Information shown section start
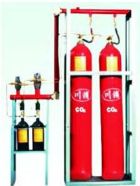
High-pressure carbon dioxide automatic extinguishing system

Low-pressure carbon dioxide extinguishing system
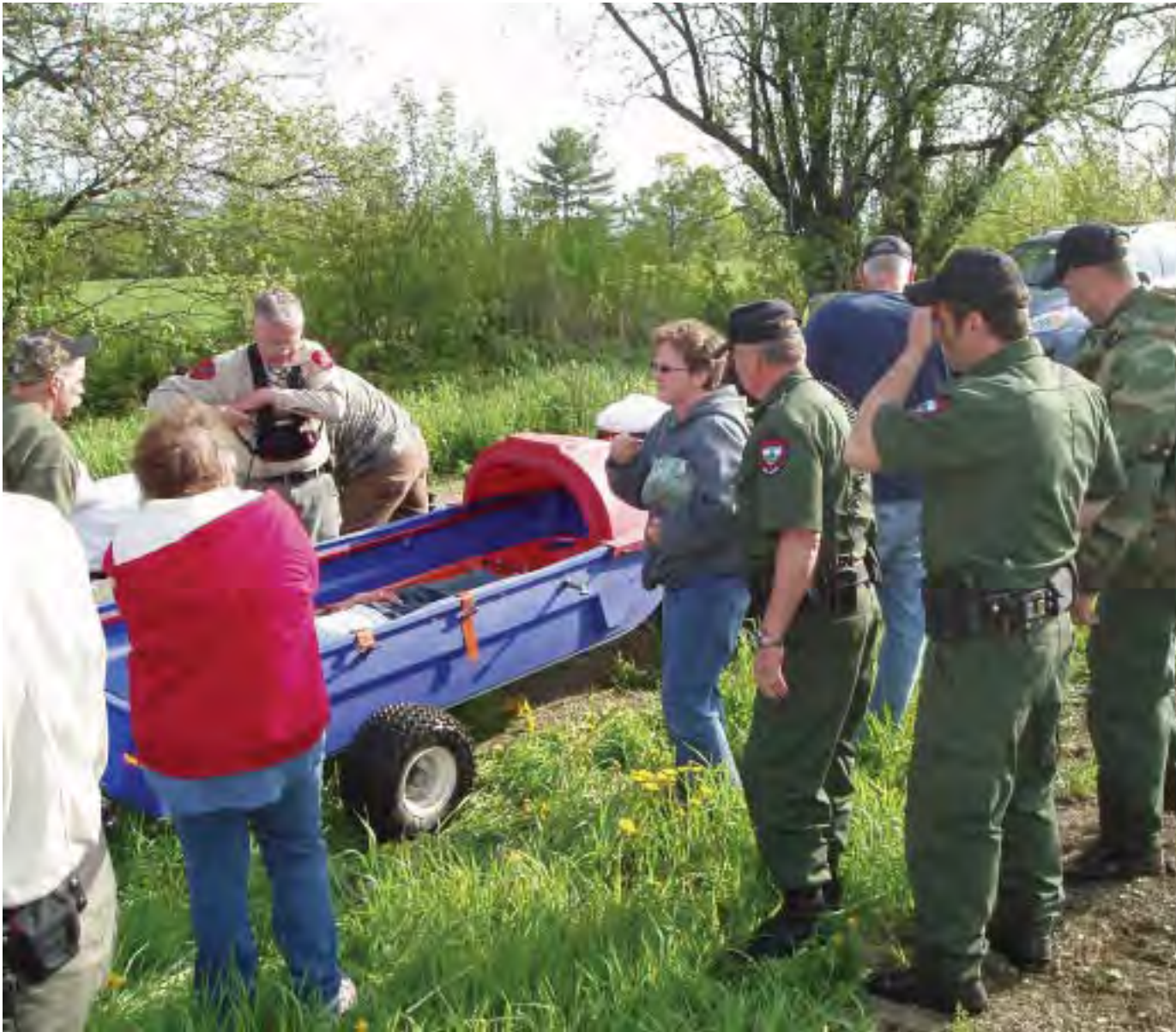
An 85-year-old Harmony woman who was reported missing late Wednesday
Information shown section end
Required action -> From the data above, write out everything exactly except the pictures.

Response area ->
High-pressure carbon dioxide automatic extinguishing system

Low-pressure carbon dioxide extinguishing system
An 85-year-old Harmony woman who was reported missing late Wednesday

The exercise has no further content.